• PROBLEM TO WORK ON:
Look through the data below for the line with "德轉(zhuǎn)盤點(di" and the line with "Długość urlopu wypoczynkowego", then transcribe exactly from the first through the second, leaving out all pictures.

• DATA SUPPLIED:

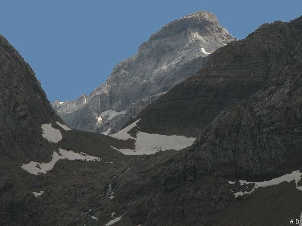 Le Casque 3006m (02) Sur la route menant au col de Boucharo 2270m, zoom sur le Casque 3006m, l'objectif de la journée |
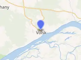 Volsk (Russian: Вольск) is a town in Saratov Oblast, Russia, located on the right bank of the Volga River, opposite the mouth of the Bolshoy Irgiz (a tributary of the Volga), 147 kilometers (91 mi) northeast from Saratov, the administrative center of the oblast. As of the 2010 Census, its population was 66,508.[3]
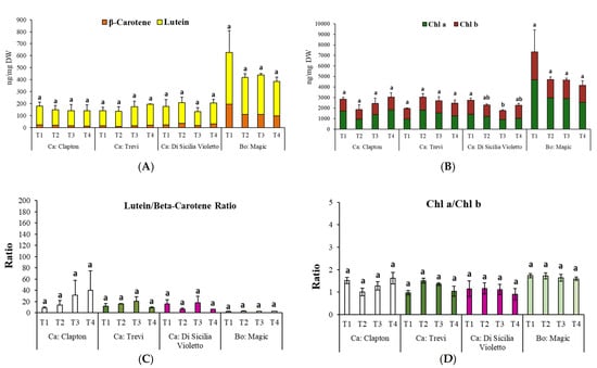 Effect of water regime (T1: watered well; T2: low stress; T3: moderate stress; and T4: severe stress) on (A): chlorophylls; (B): carotenoids accumulation; and (C): lutein/β-carotene. (D): chl a/chl b ratios in Brassica oleracea var. botrytis and Brassica oleracea var. italica var. Magic. Each bar indicates means and standard error of three replicates by using one-way ANOVA at p < 0.05. Letters indicate statistically significant differences between different cultivars in alphabetical order from highest to lowest. Ca: cauliflower and Bo: broccoli.
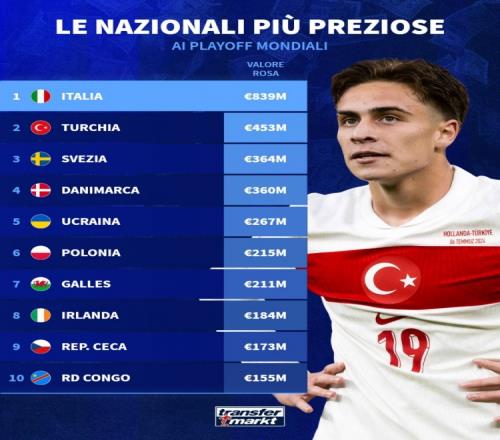德轉(zhuǎn)盤點(diǎn)世預(yù)賽附加賽各隊(duì)身價(jià):意大利8.39億歐元斷層領(lǐng)先
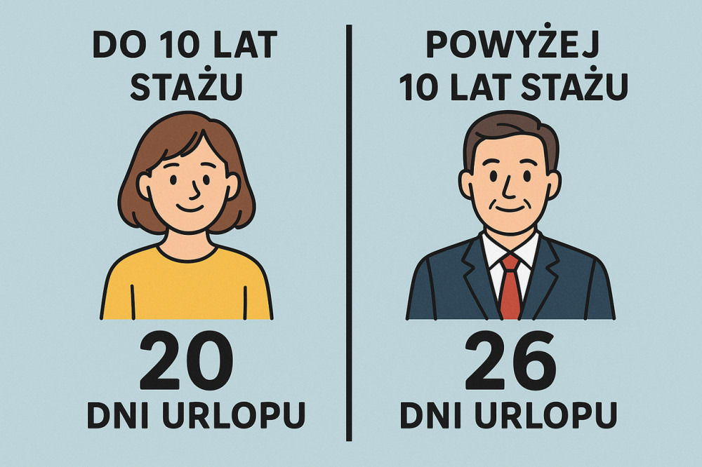 Długość urlopu wypoczynkowego zależy od stażu pracy pracownika. Pracownikowi przysługuje 20 dni urlopu rocznie, jeśli jest zatrudniony krócej niż 10 lat, oraz 26 dni, jeśli jest zatrudniony co najmniej 10 lat.
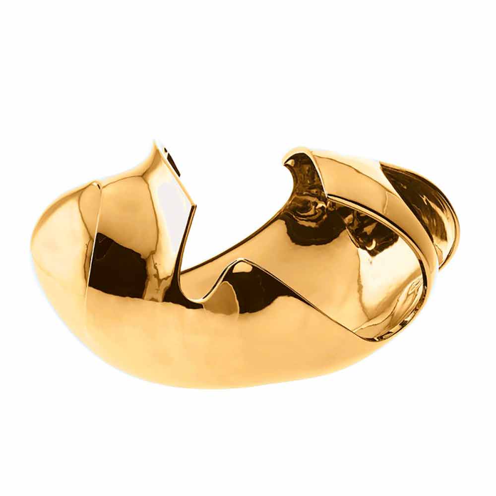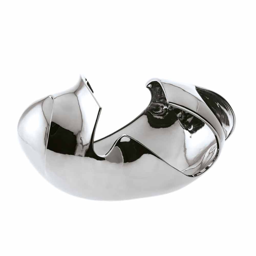 Elegante jarrón decorativo de interior fabricado en Italia en cerámica efecto metal mate (blanco o negro) o en cerámica esmaltada bañada (oro, platino u oro rosa). Un mueble versátil y refinado que se adapta perfectamente a cualquier contexto, tanto doméstico como contract, en el que lleva su alma exclusiva . Su forma particular crea dinamismo enriqueciendo la estética para un resultado original y excéntrico . La gama de colores disponibles junto con su ecléctico tamaño permite colocar este jarrón en cualquier lugar de la casa, logrando así completar salones, comedores, dormitorios o cualquier otro ambiente de estilo moderno con personalidad.
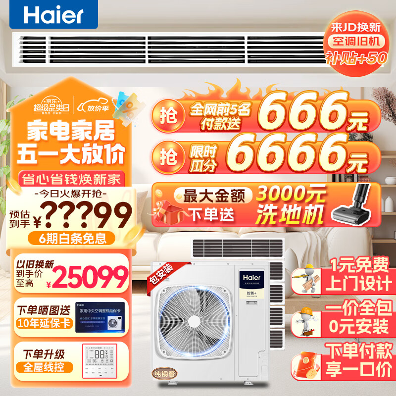 海尔(Haier)中央空调一拖五风管机6匹小多联一级能效全直流变频嵌入式智尊+ RFC140MXSAVB(F)价格:27999.00元!
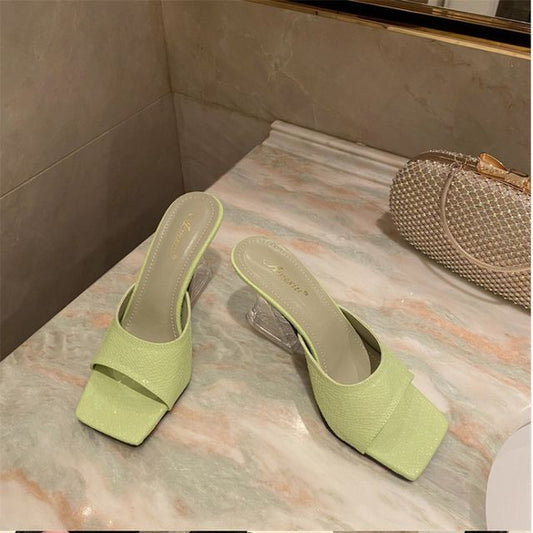 Rhinestone Stiletto-Heel Slide Sandals AE1058
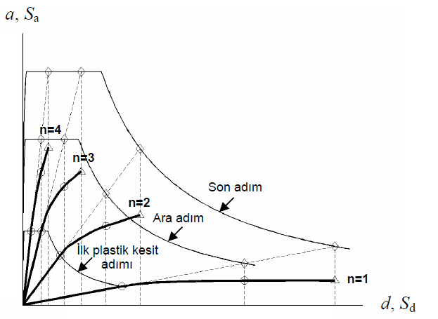 ARSA method is a displacement controlled pushover analysis method. In the method, the modal displacement increments are scaled according to the nonlinear spectral displacement value obtained according to the instantaneous dynamic characteristics of the structure. In the previous step, in order to find the modal scaling value in each nth vibration mode, the elastic spectral displacement of the system, the value from S (1), was found by using the equidistant displacement rule.

• RESPONSE TO THIS EXERCISE:
德轉(zhuǎn)盤點(diǎn)世預(yù)賽附加賽各隊(duì)身價(jià):意大利8.39億歐元斷層領(lǐng)先
 Długość urlopu wypoczynkowego zależy od stażu pracy pracownika. Pracownikowi przysługuje 20 dni urlopu rocznie, jeśli jest zatrudniony krócej niż 10 lat, oraz 26 dni, jeśli jest zatrudniony co najmniej 10 lat.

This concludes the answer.